Tesla clearly would be much better off without the army of short sellers constantly throwing dirt and trying to undermine everything the company does and has accomplished. Judging from press reports, you would never realize that Tesla is actually doing great -- Model 3 is a home run (grand slam, actually), its quarterly revenues are about to triple in only two years and it has an incredible product pipeline. Instead, due in significant part to media savvy short sellers, the press coverage gives exactly the opposite impression. Going private would wipe out short sellers and eliminate an enormous negative overhang on the business.
YouTube Channel SpaceX almost 2 million subscribers
YouTube First Private Passenger on Lunar BFR Mission almost 1 million views (48:1 positive)
Joe Rogan/Elon Musk 15 million views (46:1 positive)
Can you find anything close by any other auto company or business exec.?
side note: good news - Jeff going to raise wages?? <1 min.
(For the record, I think Elon belongs at SpaceX and to have only a minor supporting role at Tesla.)
But you’re short Tesla
But there is a problem. Shortsellers, the financial press, impatient and shortsighted investors. And now the SEC. The main risks to Tesla's mission are not operational, but a direct result of being a U.S. listed public company.
And let's be honest, Elon's personality is better suited for a private company than a public one. Yes it would be better if he stopped tweeting about pedos, the SEC, etc. but that's been obvious for a while and it hasn't happened. If Tesla were private, most of these issues would disappear, Elon's stress level would drop like a rock and the focus could return to Tesla's products, which are amazing.
Elon: please reconsider and take Tesla private.
I will suggest a slightly different option: voluntarily delist from the stock markets; buy out anyone who is not permitted to remain in the company after that (such as Canadian retirement accounts and funds which are only allowed to invest in listed companies); and institute a first-right-of-refusal for Tesla to buy back any stock being sold (as with SpaceX)
By officially remaining a "public company" and filing quarterly reports, you can have as many investors as you like. Also, I believe all existing individual investors can stay (though only accredited investors would be allowed to buy new shares).
But taking it off the stock markets will eliminate short-sellers, eliminate short-term traders, and, by eliminating the stock price, will eliminate the motivation to manipulate the stock price.
There is no legal requirement to list on the stock market, even if you're a "public company" (defined as having a lot of investors). The SEC could still harass Elon Musk, but they couldn't very well accuse him of market manipulation if there was no public market for the stock.

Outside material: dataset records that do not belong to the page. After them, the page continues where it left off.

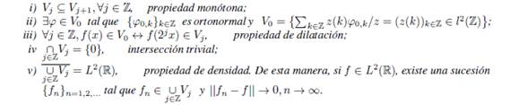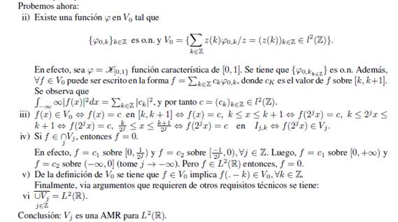Luego, Vj+1 = Vj ⊕ Wj,∀j ∈ Z [tenemos V1 = V0 ⊕ W0;def(x) ∈ V0 ⇔ f(2jx) ∈ Vj y f(x) ∈ W0 ⇔ f(2jx) ∈ Wj, se tiene la igualdad].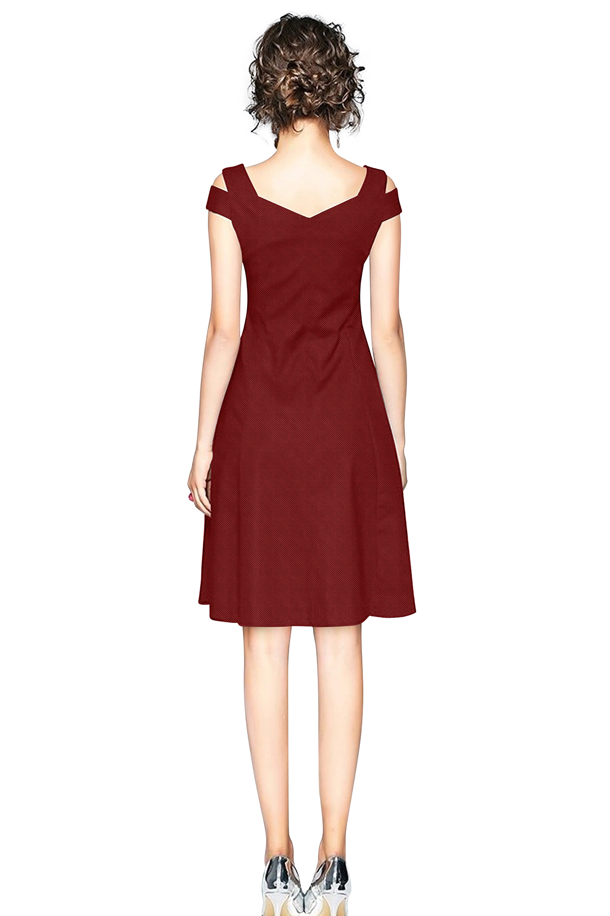 Maroon Off-Shoulder V-Neck Knee-Length Dress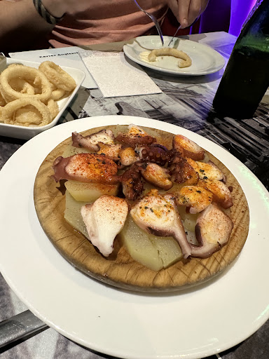 Yep, gorgeous square, ideal if you're with kids and all. But, they're taking the piss. We went on a Saturday evening, after a huge lunch, four adults three kids. Got a table outside. When the kids went for a walk round the plaza, they took their table and chairs away saying they needed them for other customers- there weren't any... It started raining. Kids came back. We ended up one on top of the other, trying to fit round a small table- no reaction from the waiters. We ordered crisps and a few tapas- food was OK, nothing wow either. The kids had just water. One of us, designated driver, was drinking cola. One had 3 glasses of red wine and the other two, we had beer. The bill: 170€. When I tried to talk to the waiter, especially for the 13!!! bottles of Alambra beer he charged us, (I was the only one having that beer and I'm still standing), he wouldn't have any of it. I asked to talk to the manager, he told me he was the manager and that's that. I paid the effing bill of course but I'm never going back. So, my recommendation for this place? Go to the...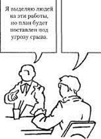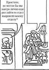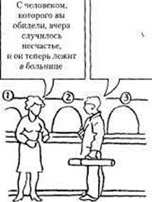 Порядок проведения игры. Обучаемым выдаются рисунки, на которых изображены два человека*. То, что говорит первый человек, написано в квадрате слева. Обучаемые должны записать свои варианты ответа за другого человека.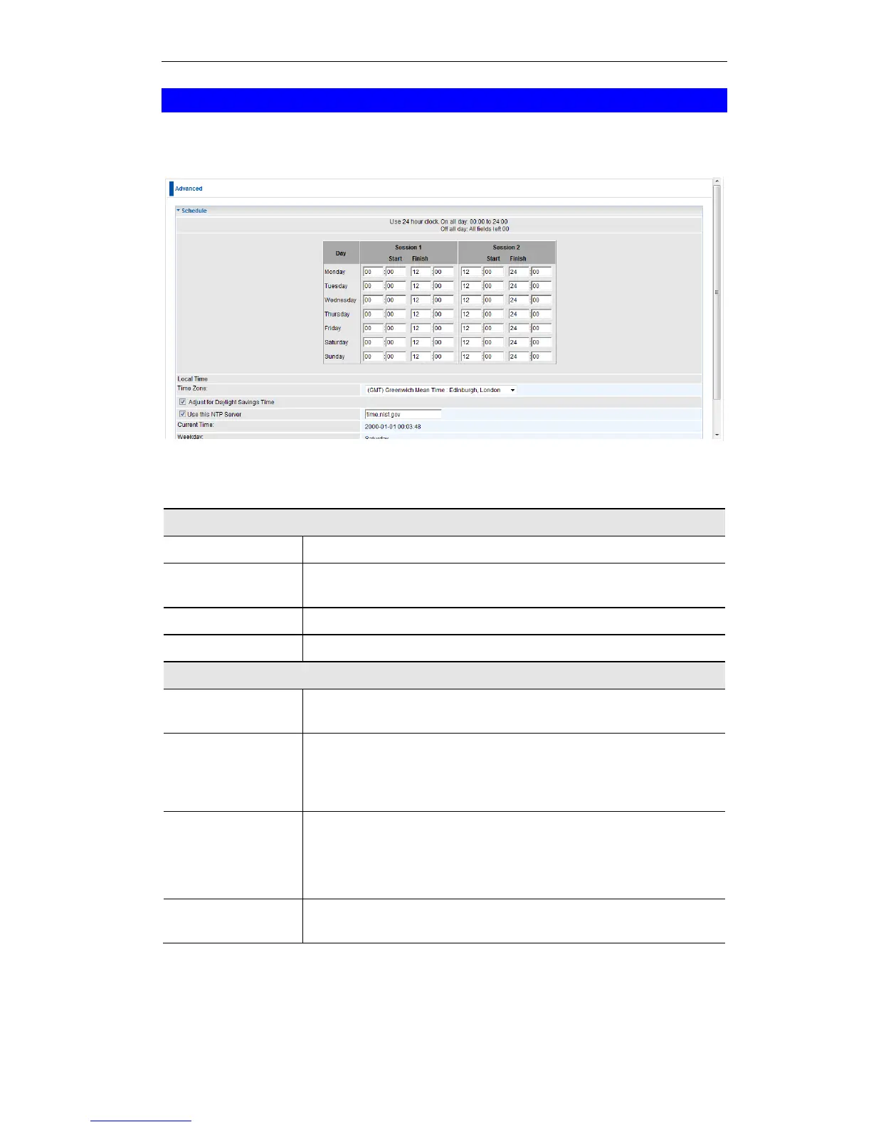 This displays the current time on the Wireless ADSL Router, at the

How confident are you this would work as you describe, especially the part about existing unaccredited investors being allowed to stay in?
If they *already own it*, however, you can't force them to sell it -- that's just not how the law works. They own it, they have the right to keep it.
Yeah, the company could offer SpaceX style buyback events.Biggest issue is how to create a market when/if those investors want/need to sell.
...In exchange for this progress, the markets have given Tesla mostly grief...
Tesla should not add ammunition to short sellers by a scary e-mail that Tesla's running out of cash in 10 months! I know Elon Musk meant well but it just sounds really bad.
I agree that Tesla should go private if it can't handle short sellers.